Otwieramy długie drzwi, oczywiście bez ramek, żaden stylistyczny szczegół sprawiający, że RCZ-R wygląda jak rasowy sportowiec nie został przez projektantów pominięty. Pierwszym co rzuca się w oczy to duże, wyglądające na rasowe kubły, fotele. Czy aby wygodne? Ile to razy dobrze zapowiadające się, głęboko wyprofilowane siedzisko rozczarowywało. A to problemy ze znalezieniem optymalnej pozycji za kierownicą, a to rzekome tylko podparcie boczne, które w trakcie jazdy okazywało się niewiele warte.

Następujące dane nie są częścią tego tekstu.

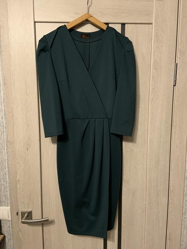 Сукня Lusien. Класична сукня приємного темно-зеленого кольору. Рукав 3/4, по переду на грудях та спідниця на запах, з паском. Заміри: Довжина по спинці 98 см Рукав 49 см Від пахви до пахви у лежачому стані 42 см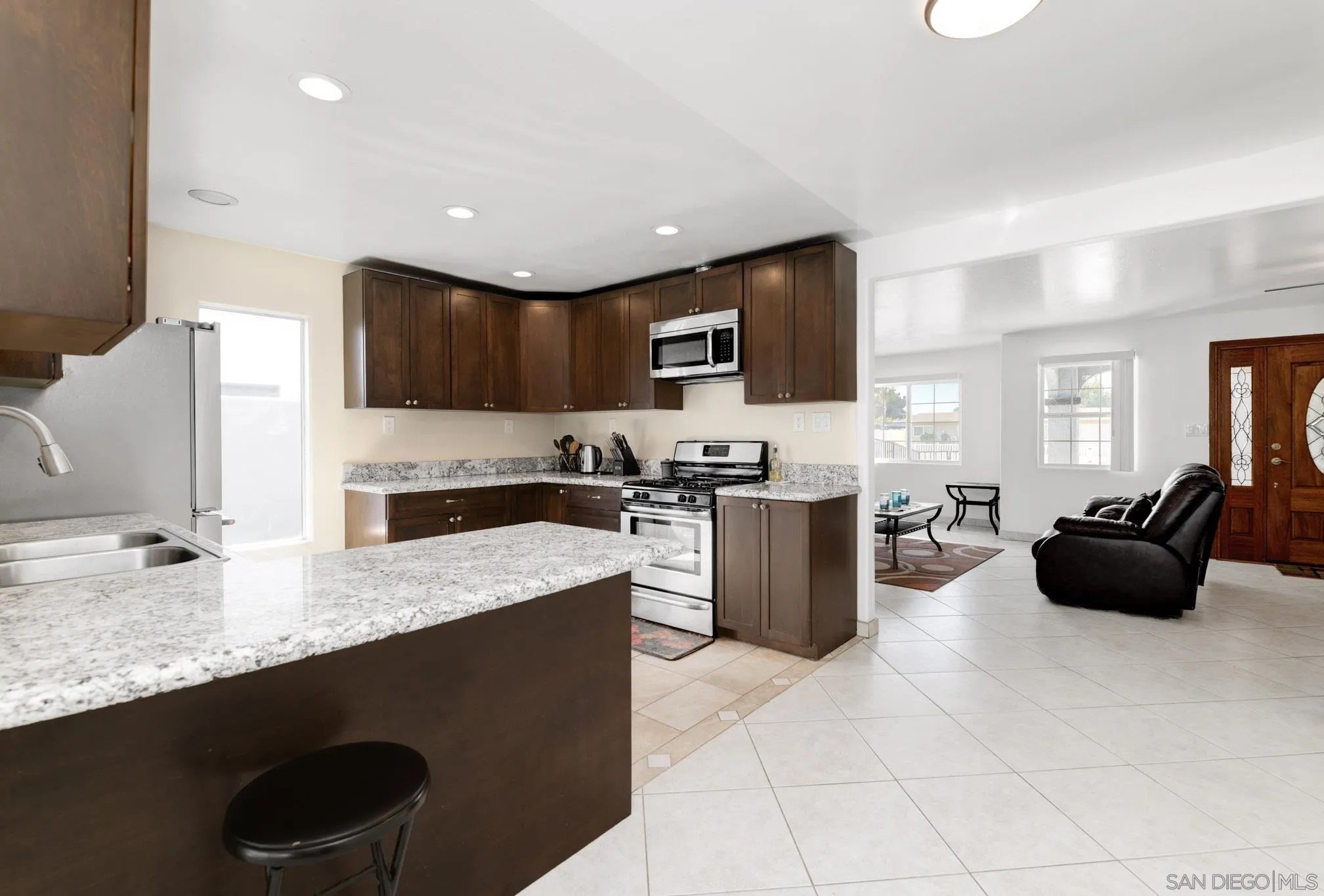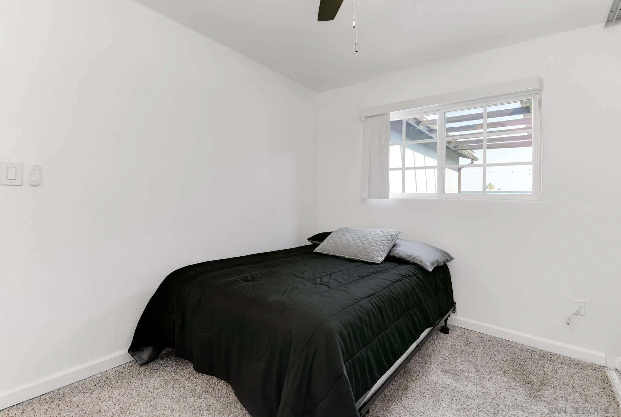 ENTERTAINERS DELIGHT!! Single-story 1,710 sq ft home on a quiet cul-de-sac tip, set back from the main road. 1261 Helix is planted on a flat street, but the rear property line sits above a bluff with 180 degrees unobstructed views-city lights at night, neighborhood below, and wide-open sky by day. The back yard is huge and tailor made for a good kickback, a birthday or a Superbowl party. Inside: dual-pane vinyl windows and sliding doors throughout. Tile floors in kitchen, living, and traffic areas; carpet in bedrooms. Every room has a new ceiling fan with remote. Large living room with oversized fireplace. Open kitchen features granite counters, stainless steel appliances, and direct sightlines to living and dining spaces-ideal for hosting. Dedicated laundry room. Full interior and exterior repaint completed. Outside: fully gated with rolling front gate. Wide main driveway plus separate RV driveway runs full length of the house to rear patio. Back patio is poured concrete with pergola cover. Entire front and back yards upgraded with pet-grade artificial turf-dense, durable, and low-maintenance, stays bright year-round. 6-ft wood privacy fencing encloses the full perimeter. Leased solar panels cover 100% of the current owners' annual electric bill. Location balances seclusion with access: minutes to I-805, shopping, and daily needs in Chula Vista, yet traffic noise is minimal. Practical, updated, and positioned for views, parking, and privacy. VA approved all day. The perfect mid sized Single Family Home at a great price.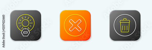 Fototapeta premium Set line No direct sunlight, X Mark, Cross in circle and Trash can icon. Vector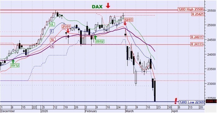 Ο DAX κινήθηκε έντονα καθοδικά και διατηρεί την καθοδική τάση. Διέσπασε τις στηρίξεις στις οποίες είχε βρει ισορροπία και πέτυχε νέο χαμηλό 120 ημερών.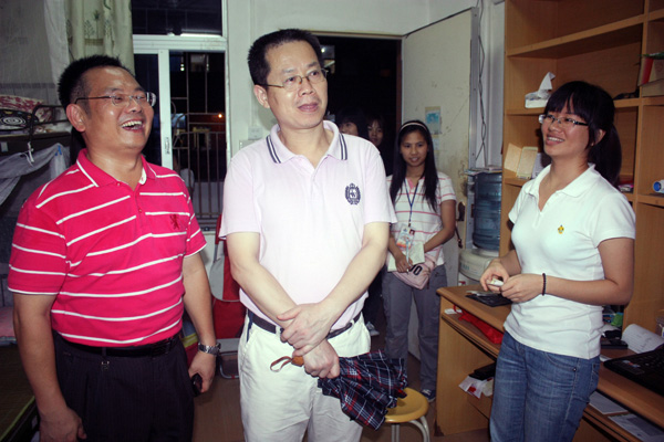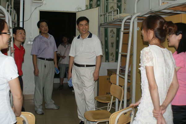 湛师新闻网6月24日讯 在07级毕业生即将离校之际,6月22日至23日晚,音乐学院、法政学院、人文学院领导老师分别走访了毕业生宿舍。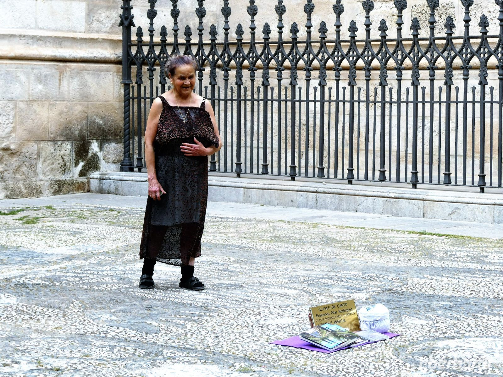 Am Nachmittag als es etwas kühler ist, beginnen wir unseren Spaziergang entlang der Alhambra hinunter zum Ausgangstor zur Stadt. Wir kommen an einem ehemaligen Tor der Nasriden vorbei und stehen am Eingang des Albaicin, dem Stadtviertel aus der arabischen Zeit. Allerdings wenden wir uns erst einmal in Richtung Kathedrale. Dort versucht eine ältere Dame, die wohl eine Gesangslehrerin ist, ihre Rentenkasse ein wenig aufzubessern. Ein rührender Anblick für uns.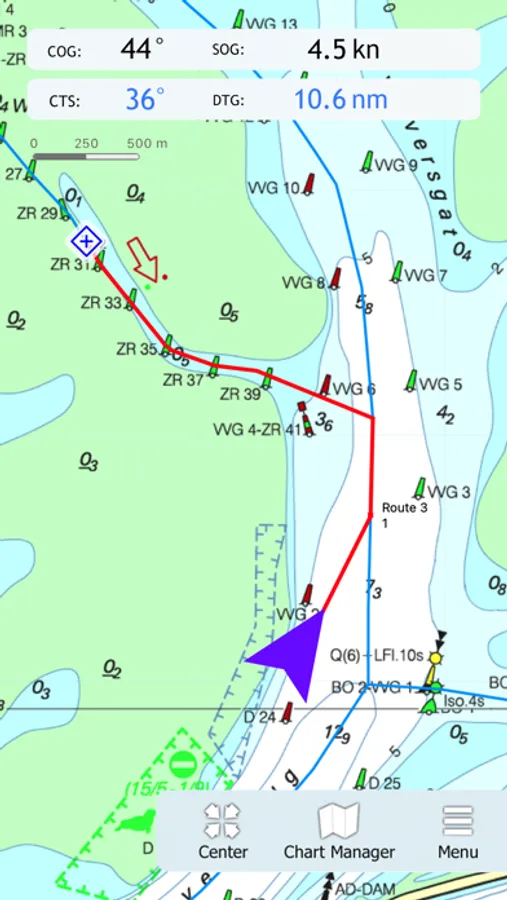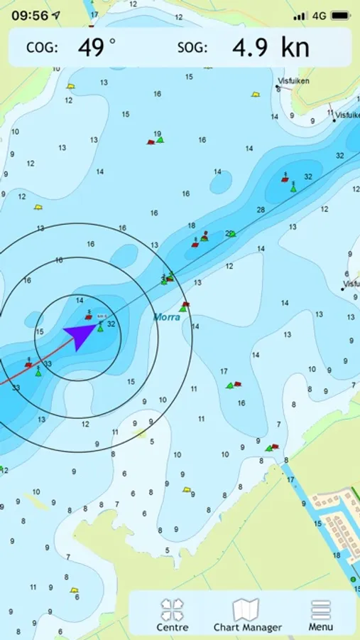 - Download the chart of your sailing area and check the current depths, buoys and other nautical information.

Tu jest inaczej. Niezłe materiały: skóra w połączeniu z alcantarą. Do tego zintegrowany i ustawiony pod odpowiednim kątem zagłówek, w fotel po prostu się wpada i stapia z autem. O to dokładnie chodzi: pupa przy ziemi, boki solidnie podparte, sprężyście ale nie twardo jak na dębowej desce, perfekcja. Jeszcze szerszy uśmiech na twarzy pojawia się, gdy spojrzymy na tunel środkowy. Widok tradycyjnego hamulca ręcznego to miód na serce miłośnika "analogowych rozwiązań". Nie wybaczyłbym francuzom gdyby, jak to ma miejsce w wielu innych sportowych autach, zastosowali tu hamulec elektryczny. Sama świadomość, że mam pod maską 270 KM a nie mogę zamieść tyłem, gdyby tylko kiedyś na szerokim placu, przyszła mi na to ochota, byłaby frustrująca.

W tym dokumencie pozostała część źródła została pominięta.